The pilot program is designed to fill a gap and create a structured process
within the city’s police department to evaluate whether a complaint may
constitute actual fraud, provide residents with a pathway to present credible
documentation, and advance only those cases that meet the legal threshold for
investigation and potential prosecution.
The program will determine how many hours of investigation work will be
required, whether the city will need an ongoing external financial forensic
support, or whether long-term this dysfunction should be supported by dedicated
personnel within the police department, said Mayor Christi Fraga, who sponsored
the item at last week’s city council meeting.
“It is entirely possible we receive a handful of cases or hundreds of cases. We
simply just don’t know the data today,” she said. “This is why I think a
responsible approach is implementing this one-year pilot program to study and
look at what we can solve and how much it will cost during this period. The city
will absorb the associated costs with training and outside financial auditing
services.
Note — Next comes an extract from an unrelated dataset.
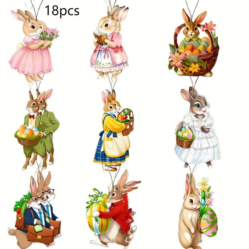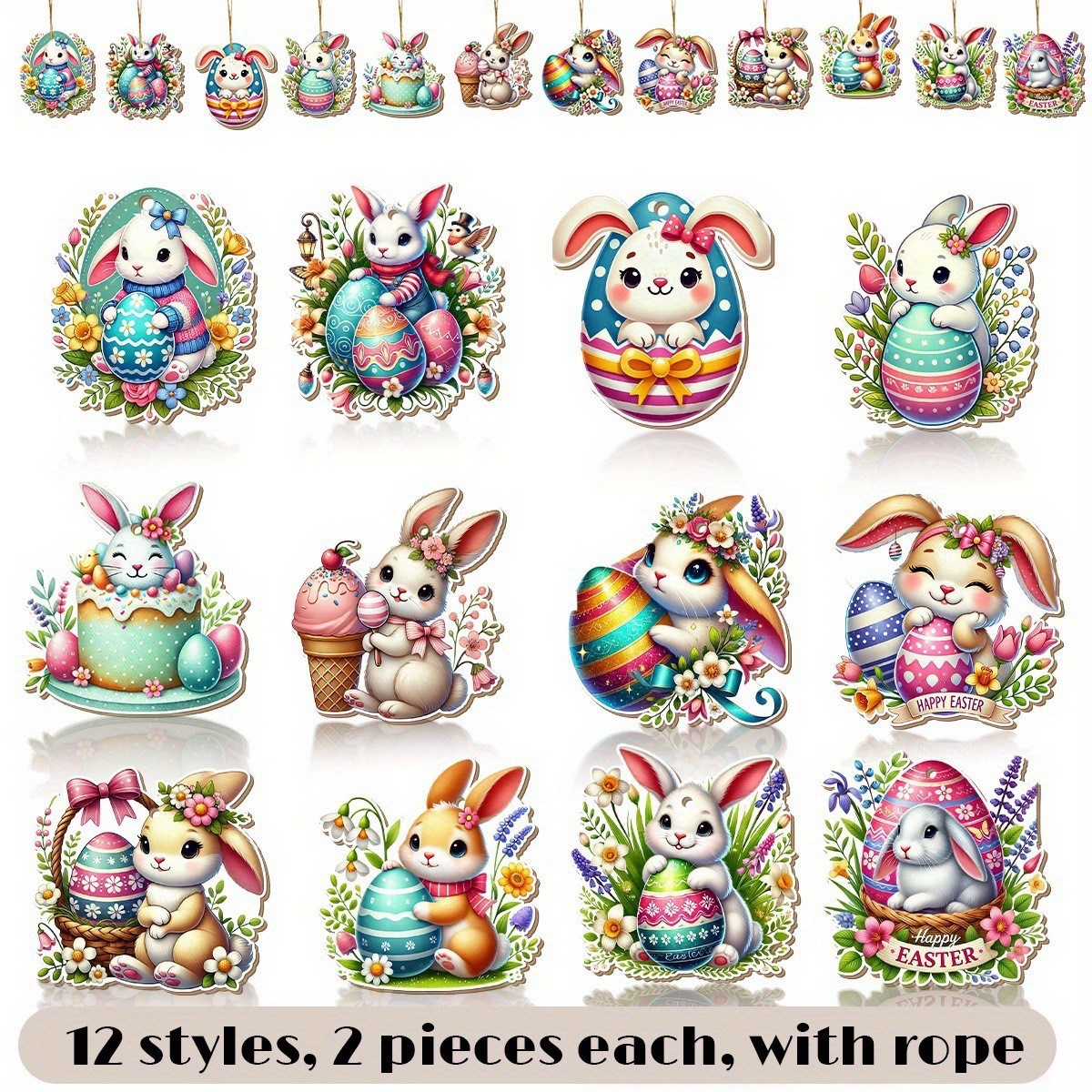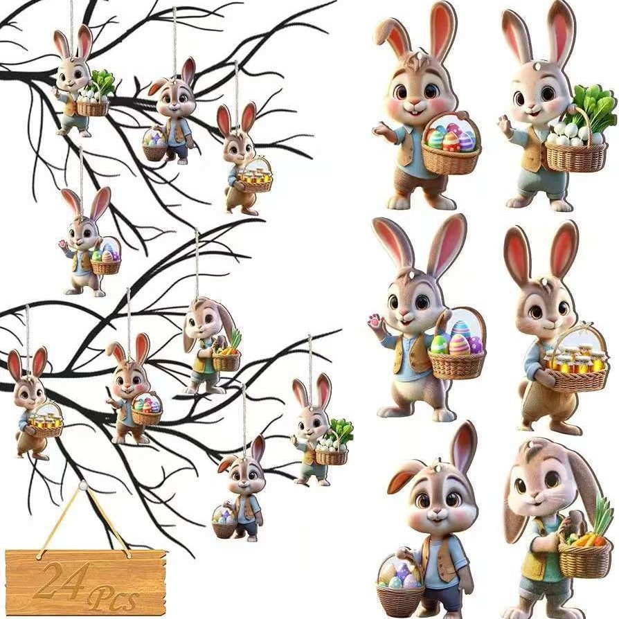 24件套新款复活节小兔子木制悬挂装饰居家派对春季派对礼物装饰品

We will track utilization outcomes and resource demands, and we will
evaluate whether the program is sustainable, scalable, or requires
restructuring.”
At the conclusion of the pilot, the police department would have real data to
answer critical policy questions, including whether a dedicated funding
mechanism is necessary, whether a fee structure should be considered, or whether
cost recovery is possible in cases where fraud is successfully prosecuted, and
what the appropriate long-term model should be, she explained.
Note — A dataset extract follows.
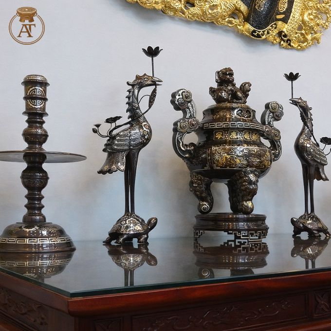 • Kiểu dáng, bố cục: Bộ sản phẩm gồm một đỉnh hương, hai hạc chầu đồng và hai chân nến, sắp đặt cân đối, thống nhất, tạo thế vững chãi và hài hòa.

Mayor Fraga said she has met with the US Attorney’s Office and the state
attorney regarding this issue and they are committed to strongly supporting
Doral in prosecuting cases.
“When allegations rise to the level of potential financial fraud, organized
schemes, or exploitation, especially of our seniors or vulnerable populations,
our police department has both the authority and the obligation to investigate,
provided there is sufficient evidence to support such claims,” she said.